Testing Parametric Models with Nonparametric Regression
One approach to testing parametric models is to use nonparametric regression. The basic procedure is as follows: 1. Get data (x1,y1),(x2,y2),...(xn,yn). 2. Fit the parametric model, getting an estimate bθ, and in-sample mean-squared error MSEp(bθ). 3. Fit your favorite nonparametric regression (using cross-validation to pick control settings as necessary), getting curve br and in-sample mean-squared error MSEnp(br). 4. Calculate bt = MSEp(bθ) − MSEnp(br). 5. Simulate from the parametric model bθ to get faked data (x0 1,y0 1),...(x0 n,y0 n). 6. Fit the parametric model to the simulated data, getting estimate ˜θ and MSEp(˜θ). 7. Fit the non-parametric model to the simulated data, getting estimate ˜r and MSEnp(˜r). 8. Calculate ˜T = MSEp(˜θ) − MSEnp(˜r). 9. Repeat steps 5–8 many times to get an estimate of the distribution of T. 10. The p-value is 1+#{˜T > bt} 1+#{T}.
A Practical Example: Testing a Linear Model
Let's see this in action. First, let's detect a reasonably subtle nonlinearity. Take the non-linear function g(x) = log x + 1, and say that Y = g(x) + ε, with ε being IID Gaussian noise with mean 0 and standard deviation 0.15. The nonlinearity is clear with the curve to "guide the eye", but fairly subtle. A simple linear regression looks pretty good, with R2 ridiculously high — the regression line preserves 85% of the variance in the data.
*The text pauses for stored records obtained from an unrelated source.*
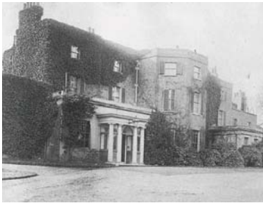
Bush Hill House

Sir Hugh Myddelton a civil, water and mining engineer gained notability for supplying clean water to the City of London with the New River scheme, transforming the health and quality of life of London's citizens.
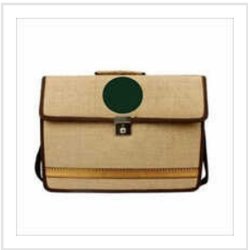
Jute Conference Laptop Bag
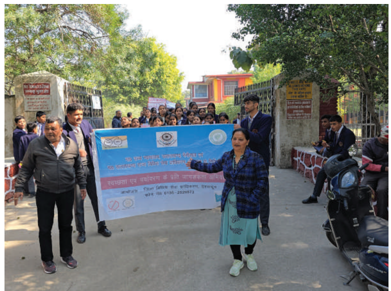
DLSA, Dehradun (Uttarakhand) at Shri Guru Ram Rai Public School, Bindal

January 30, 2025: DLSA, Dehradun (Uttarakhand), organized a legal awareness camp at Shri Guru Ram Rai Public School, Bindal, to educate students on important legal and social issues. The session covered the POCSO Act, Cybercrime, Social Media fraud, the ill effects of drug addiction, and introduced students to the NALSA toll-free legal aid helpline 15100. In addition to the awareness programme, a cleanliness rally was conducted by the students to mark National Cleanliness Day, promoting hygiene and social responsibility. The event witnessed enthusiastic participation and served as a meaningful initiative towards empowering youth through legal knowledge and civic awareness. Resource persons from the legal fraternity and police department engaged with the students, addressing their queries and encouraging proactive legal awareness. The session adopted a student-friendly approach, making complex legal topics more relatable for the young audience.
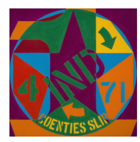
Title: Decade: Autoportrait 1964
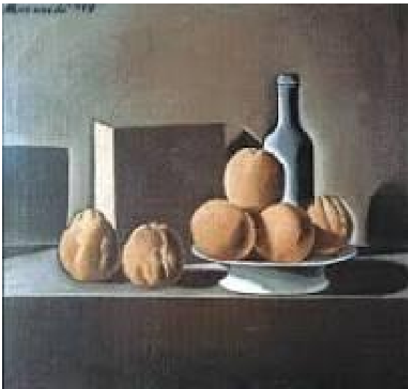
Thomas Morandi, Still Life , Oil on Canvas, 1919

Many other artists attribute other artist's artworks as a primary inspiration for their work. Wayne Thiebaud acknowledged many influences: Old Masters including Rembrandt and Velázquez; modernists like Matisse, Cézanne, and Morandi; and his friendship with Diebenkorn. He said, "Painting is life for me. It's kind of a miracle."
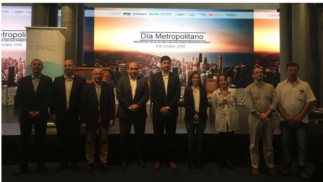
Metropolitan Area of Buenos Aires event

Progress was made on various topics, including the importance of promoting metropolitan governance through a stronger legal framework and the incorporation of climate resilience projects at the metropolitan scale.
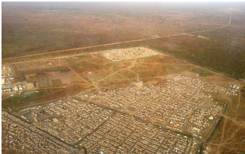
Picture 3 - UNMISS Bentiu POC Site
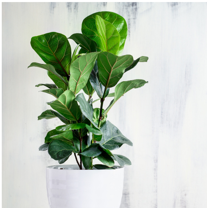
Fiddleleaf figs are popular houseplants that are prone to insect infestations.
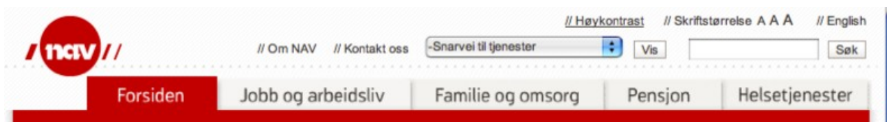
Figur 6: nav.no

In a great number of domains a consensus has emerged on the design of “everyday things” [4]. Cars, airports, banking services, houses, etc. are designed according to certain design patterns [5] in a way that give people the possibility to find their way around, without preventing the design of new and unexpected solutions. Better procedural accessibility of Web resources will eventually emerge. To ensure access for all citizens, this process has to be speeded up.
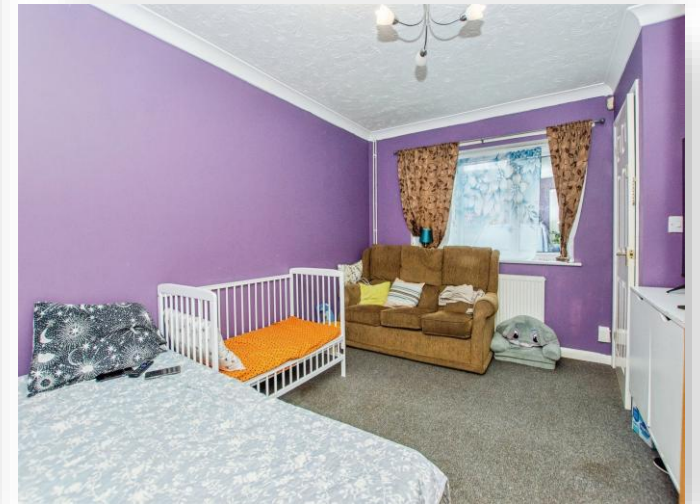
Tindall Close, Wisbech PE13 3QT

However, the nonparametric regression has a somewhat smaller MSE. So ˆt = 0.0045: > t.hat = mean(glinfit$residual^2) - gnpr$MSE > t.hat [1] 0.004542232 Now we just repeat this a lot to get a good approximation to the sampling distribution of T under the null hypothesis: null.samples.T <- replicate(200,calc.T(sim.lm(glinfit,x))) This takes some time, because each replication involves not just generating a new simulation sample, but also cross-validation to pick a bandwidth.
A Second Example: Testing a Correctly Specified Linear Model
Let's suppose that the linear model is right — then the test should give us a high p-value. So let us stipulate that in reality Y = 0.2 + 0.5x + ε (10.5) with ε⇠N (0,0.152). Figure 10.4 shows data from this, of the same size as before. Repeating the same exercise as before, we get that ˆt = 6.8 ⇥10−4, together with a slightly different null distribution. Now the p-value is 32%, which one would be quite rash to reject.
Remarks
There is nothing inherently wrong with using parametric models. They are often simpler and more interpretable than non-parametric models. However, they can also be mis-specified, and non-parametric regression provides a way to check for this. By comparing the in-sample mean-squared error of a parametric model to that of a non-parametric model, we can get a sense of whether the parametric model is well-specified.
Implementation
How should investors actually apply this knowledge? One approach is to use non-parametric regression as a diagnostic tool for parametric models. By comparing the in-sample mean-squared error of a parametric model to that of a non-parametric model, we can get a sense of whether the parametric model is well-specified.
Conclusion
Non-parametric regression provides a powerful tool for testing parametric models. By comparing the in-sample mean-squared error of a parametric model to that of a non-parametric model, we can get a sense of whether the parametric model is well-specified. This can be particularly useful in finance, where parametric models are often used to make predictions about future returns.